Ordinary Differential Equation by substitution.

[WREX88]

1. The problem statement, all variables and given/known data
dy/dx = (x+3y)/(3x+y)

I have to solve the given differential equation by using an appropriate substitution...


3. The attempt at a solution

I used algebra to make the equation (3x+y)dy - (x+3y)dx = 0

then made x = vy and dx = vdy + ydv.

then plugged in to get (3vy+y)dy - (vy+3y)(vdy+ydv)

and now I'm looking for a common factor to cancel and I'm stuck, any help? Am I even headed in the right direction...thanks.

[Mark44]

It doesn't seem you're heading in the right direction. Here's what I would try.

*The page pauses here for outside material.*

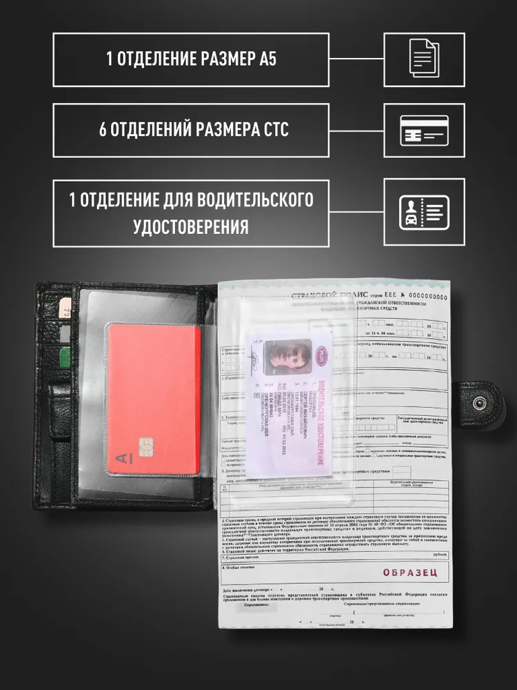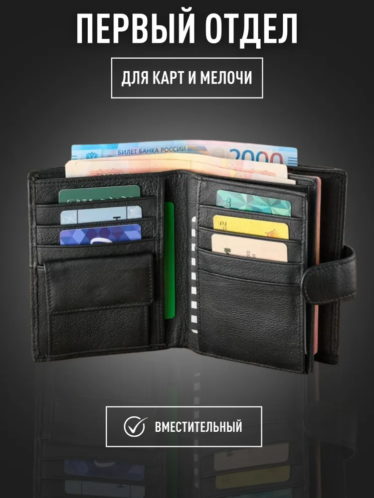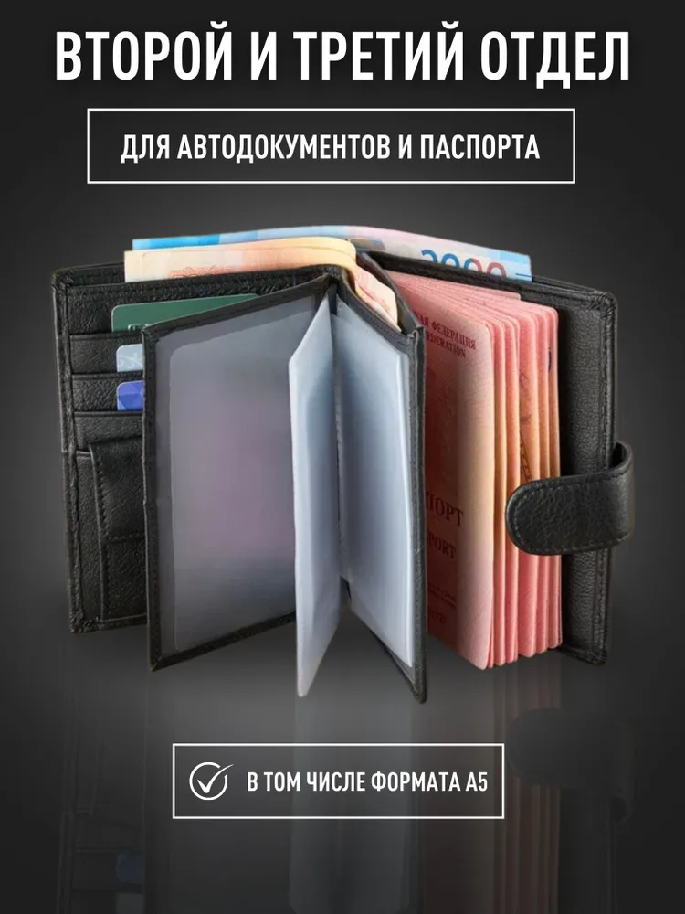 Натуральная кожа Premium качества Мужское портмоне - это не просто аксессуар, а важный элемент гардероба каждого мужчины. Кошелек из натуральной кожи станет отличным подарком, благодаря красивой и стильной упаковке, имеет классический дизайн, что делает его очень практичным и подходящим под любой стиль. Вместительный и функциональный Вы найдете 21 отделение, позволяющие без проблем хранить и организовывать вашу коллекцию карт, отделения для наличных и документов. А так же 1 потайное отделение на молнии. Для денег и мелочи В портмоне есть удобное отделение для монет и мелочи, которое надежно закрывается на прочную стальную кнопку. Благодаря этому мелочь не смешивается с купюрами и не высыпается. Для документов Особенностью этого портмоне являются два прозрачных отделения, одно из которых формата А5 которые позволяют разместить важные документы, такие как паспорт, СНИЛС, СТС или водительские права. Это удобное решение для тех, кто хочет иметь быстрый доступ к таким документам. Стиль. Качество. Дизайн. Размер данного кожаного бумажника делает его удобным в использовании и компактным в хранении. Портмоне качественно прошит и сделан из тактильно приятного материала как снаружи, так и изнутри. Данная модель с изящным дизайном, закрывается на крепкую застежку «кнопку», и хорошо сочетается с любым стилем одежды: повседневным, классическим или спортивным.

Starting with this equation,
(3x+y)dy = (x+3y)dx

integrate the left side with respect to y. Since you're integrating with respect to y, you'll end up with whatever you get plus an arbitrary function of x alone.
Then, integrate the right side with respect to x, similar to above. This time around you'll need to include an arbitrary function of y alone.

The left and right sides have to be equal for all pairs of (x, y) values, so you can equate the arbitrary functions of x or y on either side with what's on the opposite side.

This should give you the equation h(x, y) = 0.

To check your answer, take the derivative implicitly.

[HallsofIvy]

Looking at the symmetry of "3x+ y" and "x+ 3y", which has "average" value 2x+ 2y= 2(x+ y), let u= x+ y and v= x- y. Then x= (1/2)u+ (1/2)v and y= (1/2)u- (1/2)v, dx= (1/2)du+ (1/2)dv, dy= (1/2)du- (1/2) dv. Put those into the equation. you should wind up with udv= vdu.